Goal of the exercise:
Below is a block of entries; repeat exactly the lines starting at the line that contains "Humic acid is" and ending at the line that contains "用意したのは5mm径のゴムのワッシャーとプラリベット。", both included.

Supplied records:

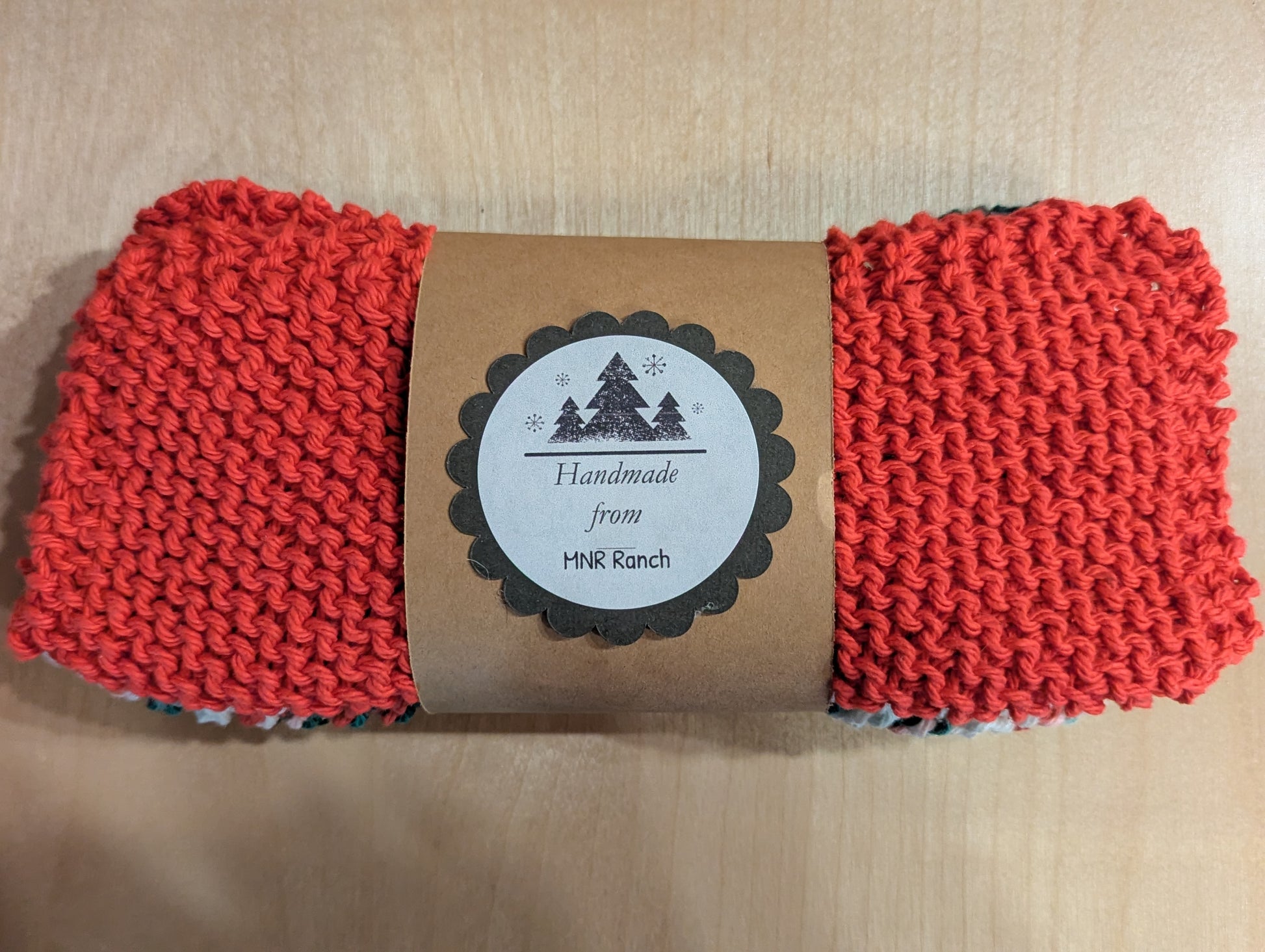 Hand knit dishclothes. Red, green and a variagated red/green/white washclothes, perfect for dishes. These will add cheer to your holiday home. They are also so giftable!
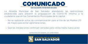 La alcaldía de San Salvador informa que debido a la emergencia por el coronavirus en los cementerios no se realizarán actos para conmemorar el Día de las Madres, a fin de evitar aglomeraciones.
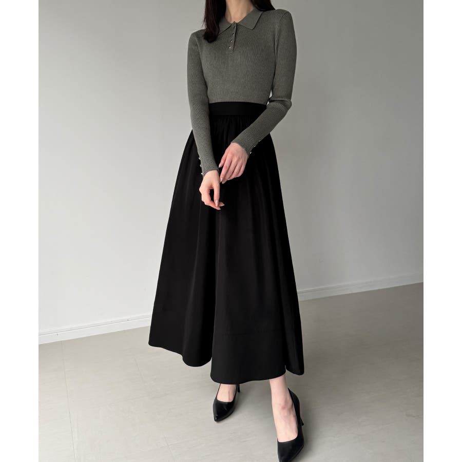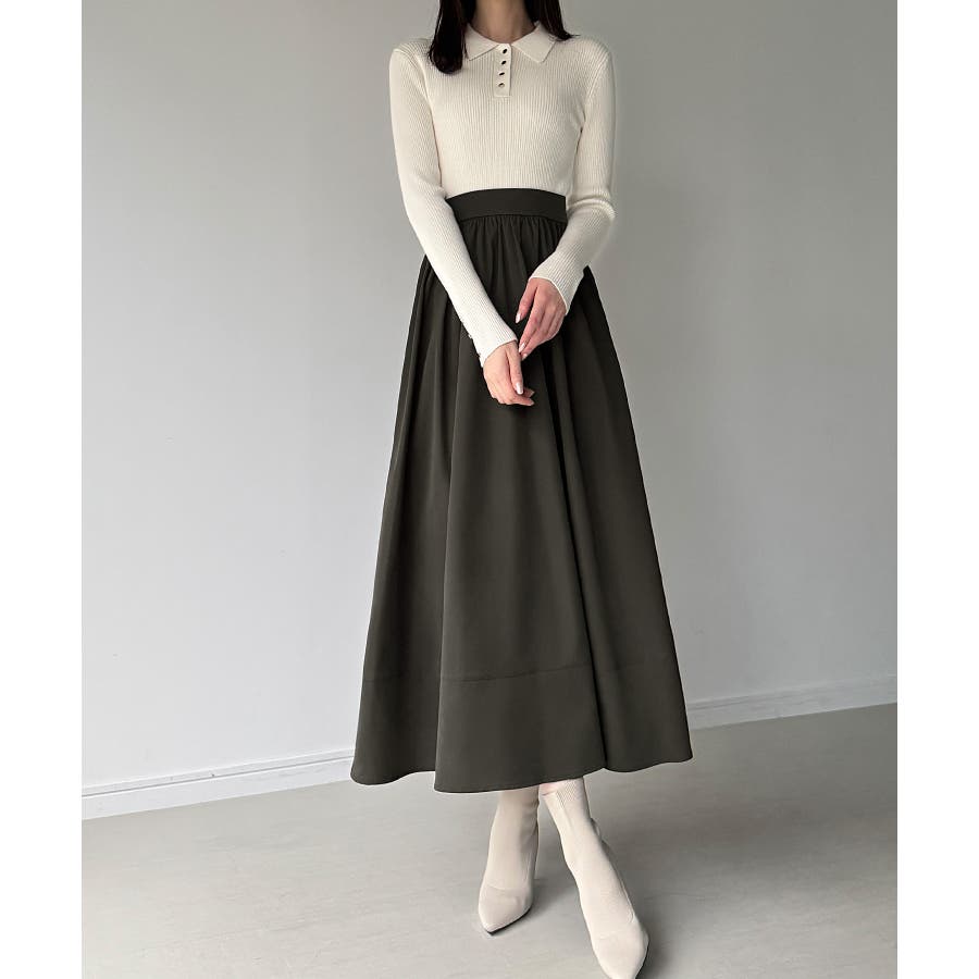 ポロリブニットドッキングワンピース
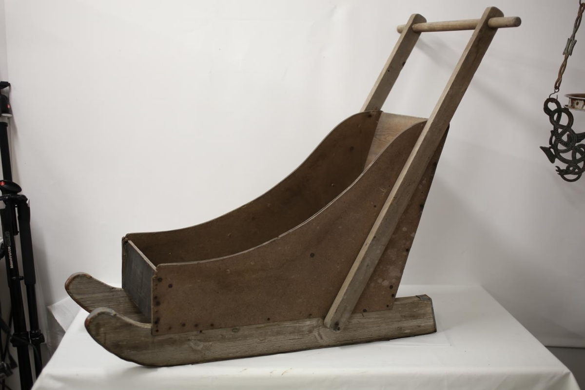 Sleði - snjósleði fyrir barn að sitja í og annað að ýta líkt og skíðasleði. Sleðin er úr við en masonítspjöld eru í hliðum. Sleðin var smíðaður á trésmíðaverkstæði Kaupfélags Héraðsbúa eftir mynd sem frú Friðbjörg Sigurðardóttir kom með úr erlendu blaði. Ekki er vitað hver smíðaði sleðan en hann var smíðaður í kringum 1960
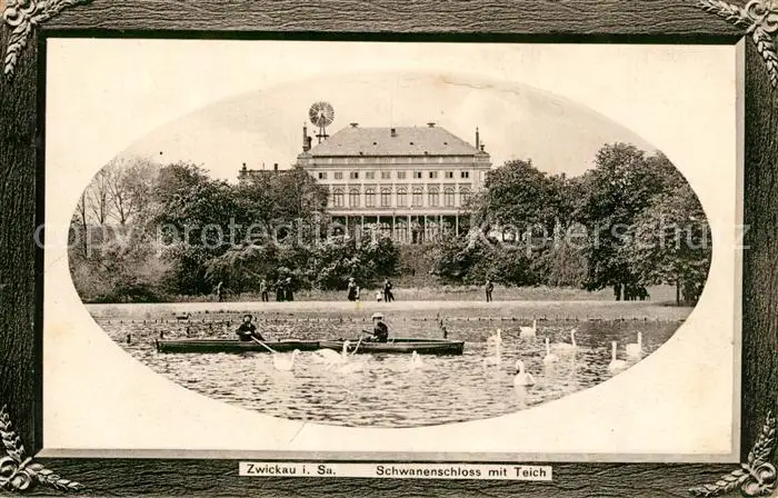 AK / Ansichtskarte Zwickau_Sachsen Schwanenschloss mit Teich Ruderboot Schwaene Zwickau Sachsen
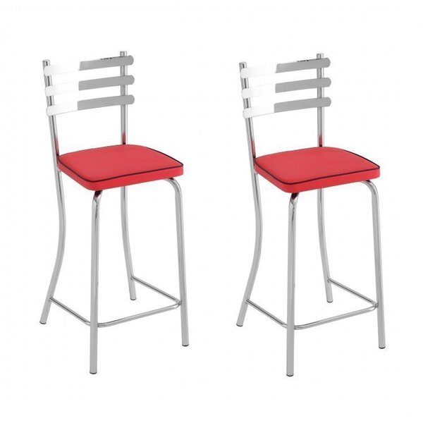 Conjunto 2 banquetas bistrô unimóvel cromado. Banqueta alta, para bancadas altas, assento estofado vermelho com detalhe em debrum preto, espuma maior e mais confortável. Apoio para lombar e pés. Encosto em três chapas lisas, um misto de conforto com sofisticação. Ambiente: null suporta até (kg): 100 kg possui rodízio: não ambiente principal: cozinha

--

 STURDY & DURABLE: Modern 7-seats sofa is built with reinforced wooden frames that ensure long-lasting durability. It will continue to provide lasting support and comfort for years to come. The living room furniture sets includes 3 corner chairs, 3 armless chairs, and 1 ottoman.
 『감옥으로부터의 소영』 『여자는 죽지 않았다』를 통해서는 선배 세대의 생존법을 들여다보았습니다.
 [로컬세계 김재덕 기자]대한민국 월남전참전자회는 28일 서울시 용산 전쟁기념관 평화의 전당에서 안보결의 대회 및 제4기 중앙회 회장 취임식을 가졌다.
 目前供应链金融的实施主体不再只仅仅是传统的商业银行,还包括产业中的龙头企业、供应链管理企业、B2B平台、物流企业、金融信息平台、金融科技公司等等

--

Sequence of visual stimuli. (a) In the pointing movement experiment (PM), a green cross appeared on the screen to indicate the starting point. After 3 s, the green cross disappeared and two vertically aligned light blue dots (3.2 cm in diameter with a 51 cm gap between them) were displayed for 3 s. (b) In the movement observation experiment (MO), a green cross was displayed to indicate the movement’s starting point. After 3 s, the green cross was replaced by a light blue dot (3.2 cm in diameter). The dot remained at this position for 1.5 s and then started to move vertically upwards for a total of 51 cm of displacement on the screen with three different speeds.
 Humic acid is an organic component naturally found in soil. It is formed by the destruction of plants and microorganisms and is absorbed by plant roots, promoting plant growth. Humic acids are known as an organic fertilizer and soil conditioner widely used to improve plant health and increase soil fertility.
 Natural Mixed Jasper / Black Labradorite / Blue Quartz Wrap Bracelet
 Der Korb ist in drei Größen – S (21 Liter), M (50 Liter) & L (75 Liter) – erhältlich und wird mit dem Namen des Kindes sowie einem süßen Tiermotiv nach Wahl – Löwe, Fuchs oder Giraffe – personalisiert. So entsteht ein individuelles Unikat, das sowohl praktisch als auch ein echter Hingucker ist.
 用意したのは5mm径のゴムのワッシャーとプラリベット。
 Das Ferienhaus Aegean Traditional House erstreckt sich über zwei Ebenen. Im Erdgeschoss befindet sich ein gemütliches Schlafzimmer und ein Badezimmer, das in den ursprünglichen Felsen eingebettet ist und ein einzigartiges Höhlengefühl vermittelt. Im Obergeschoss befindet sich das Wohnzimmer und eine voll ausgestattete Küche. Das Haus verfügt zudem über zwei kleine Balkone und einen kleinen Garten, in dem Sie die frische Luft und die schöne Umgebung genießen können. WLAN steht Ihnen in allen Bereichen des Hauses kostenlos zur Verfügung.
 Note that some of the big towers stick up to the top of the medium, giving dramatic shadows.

Result of this exercise:
 Humic acid is an organic component naturally found in soil. It is formed by the destruction of plants and microorganisms and is absorbed by plant roots, promoting plant growth. Humic acids are known as an organic fertilizer and soil conditioner widely used to improve plant health and increase soil fertility.
 Natural Mixed Jasper / Black Labradorite / Blue Quartz Wrap Bracelet
 Der Korb ist in drei Größen – S (21 Liter), M (50 Liter) & L (75 Liter) – erhältlich und wird mit dem Namen des Kindes sowie einem süßen Tiermotiv nach Wahl – Löwe, Fuchs oder Giraffe – personalisiert. So entsteht ein individuelles Unikat, das sowohl praktisch als auch ein echter Hingucker ist.
 用意したのは5mm径のゴムのワッシャーとプラリベット。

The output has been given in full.